• Exercise goal:
Would you return exactly the lines below from the line with "and Lin, 2002)" through the line with "- Il tavolo", both included, and nothing else, leaving out the pictures?

• Supplied records:
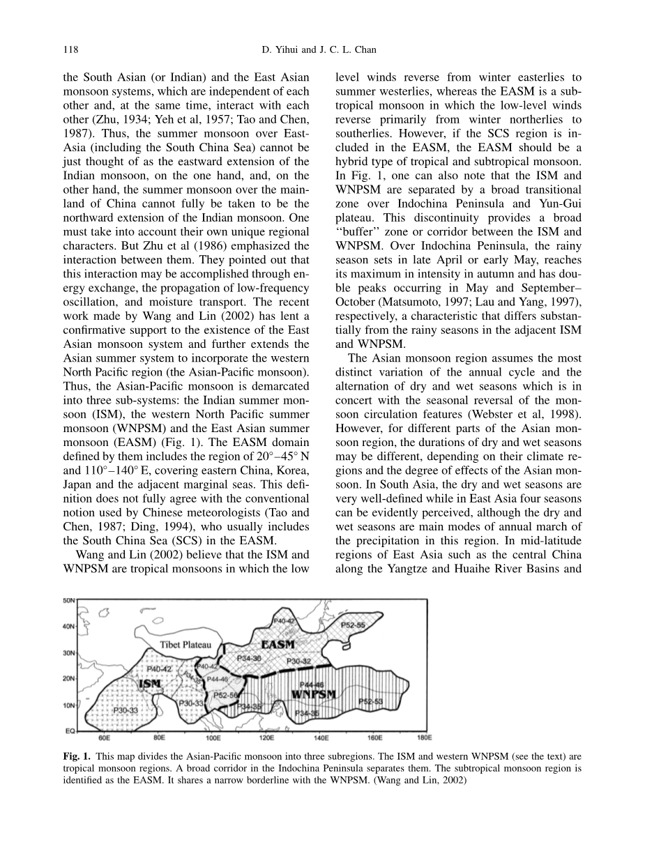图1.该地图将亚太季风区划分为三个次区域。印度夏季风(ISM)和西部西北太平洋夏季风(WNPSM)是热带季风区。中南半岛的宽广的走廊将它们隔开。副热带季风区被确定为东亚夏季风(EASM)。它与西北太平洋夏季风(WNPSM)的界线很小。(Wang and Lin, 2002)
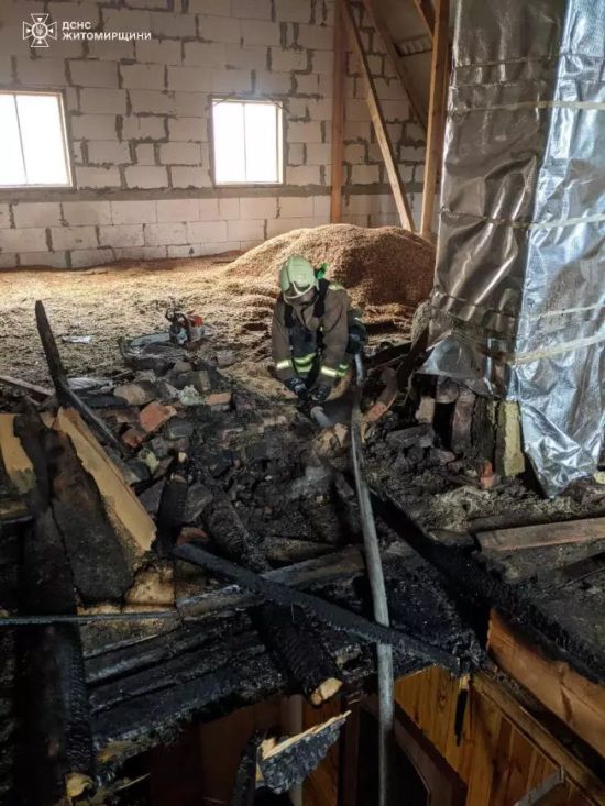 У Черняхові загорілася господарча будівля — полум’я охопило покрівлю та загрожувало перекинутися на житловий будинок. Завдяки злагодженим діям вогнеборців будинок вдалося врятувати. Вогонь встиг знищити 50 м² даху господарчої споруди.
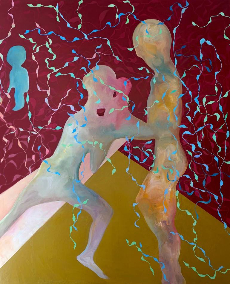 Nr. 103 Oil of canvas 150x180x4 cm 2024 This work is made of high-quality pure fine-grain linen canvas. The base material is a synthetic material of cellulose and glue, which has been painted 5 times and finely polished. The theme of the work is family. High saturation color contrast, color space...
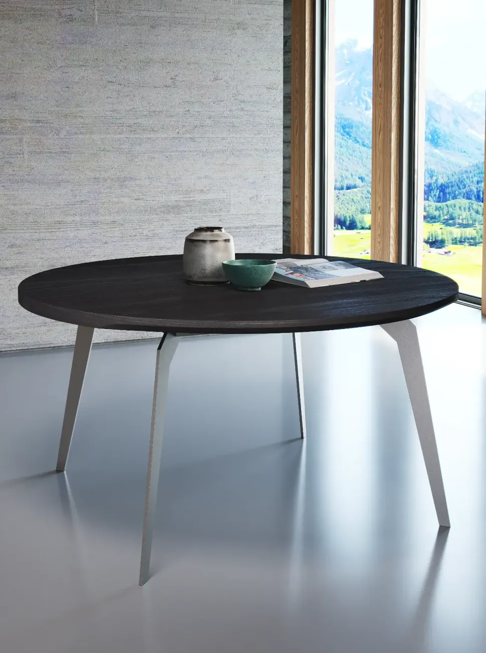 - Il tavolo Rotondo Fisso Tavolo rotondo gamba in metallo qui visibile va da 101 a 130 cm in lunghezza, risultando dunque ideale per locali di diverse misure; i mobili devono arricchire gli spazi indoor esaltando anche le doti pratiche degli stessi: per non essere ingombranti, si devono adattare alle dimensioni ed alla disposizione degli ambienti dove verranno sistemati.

==

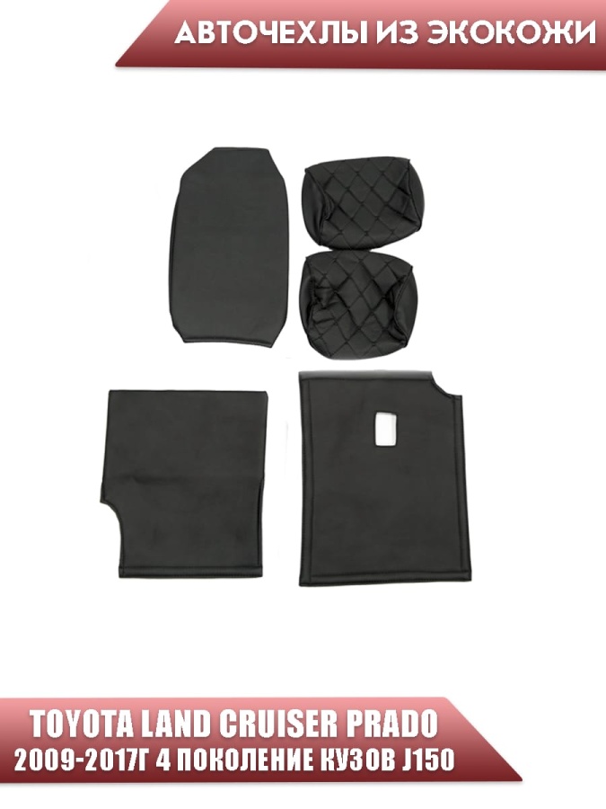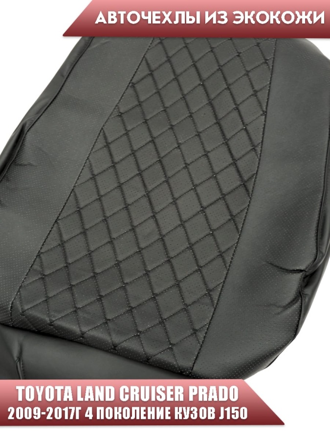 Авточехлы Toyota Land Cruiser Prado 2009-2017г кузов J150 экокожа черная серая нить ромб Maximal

...

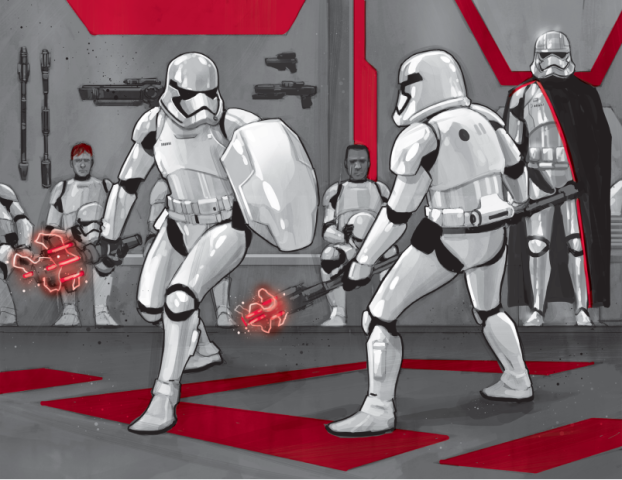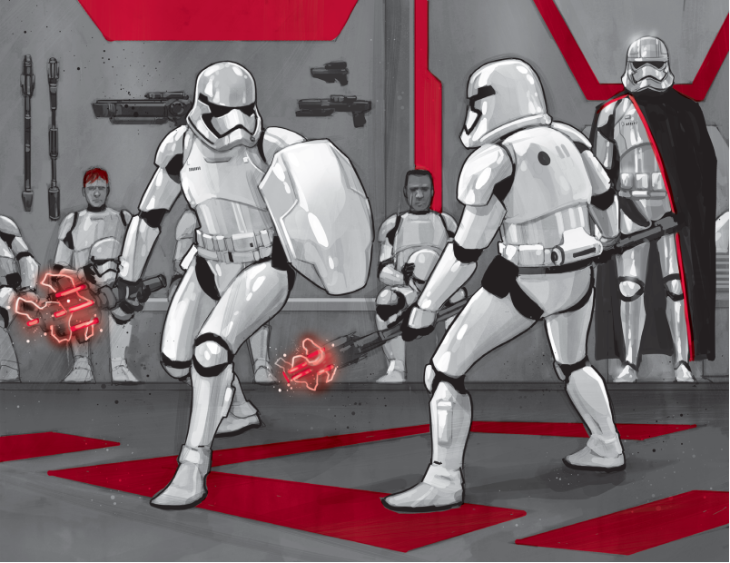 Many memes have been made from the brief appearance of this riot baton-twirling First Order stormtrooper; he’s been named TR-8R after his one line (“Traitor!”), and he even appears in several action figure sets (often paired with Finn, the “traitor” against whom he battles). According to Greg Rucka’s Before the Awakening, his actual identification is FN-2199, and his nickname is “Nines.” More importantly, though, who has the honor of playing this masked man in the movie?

• Result:
图1.该地图将亚太季风区划分为三个次区域。印度夏季风(ISM)和西部西北太平洋夏季风(WNPSM)是热带季风区。中南半岛的宽广的走廊将它们隔开。副热带季风区被确定为东亚夏季风(EASM)。它与西北太平洋夏季风(WNPSM)的界线很小。(Wang and Lin, 2002)
 У Черняхові загорілася господарча будівля — полум’я охопило покрівлю та загрожувало перекинутися на житловий будинок. Завдяки злагодженим діям вогнеборців будинок вдалося врятувати. Вогонь встиг знищити 50 м² даху господарчої споруди.
 Nr. 103 Oil of canvas 150x180x4 cm 2024 This work is made of high-quality pure fine-grain linen canvas. The base material is a synthetic material of cellulose and glue, which has been painted 5 times and finely polished. The theme of the work is family. High saturation color contrast, color space...
 - Il tavolo Rotondo Fisso Tavolo rotondo gamba in metallo qui visibile va da 101 a 130 cm in lunghezza, risultando dunque ideale per locali di diverse misure; i mobili devono arricchire gli spazi indoor esaltando anche le doti pratiche degli stessi: per non essere ingombranti, si devono adattare alle dimensioni ed alla disposizione degli ambienti dove verranno sistemati.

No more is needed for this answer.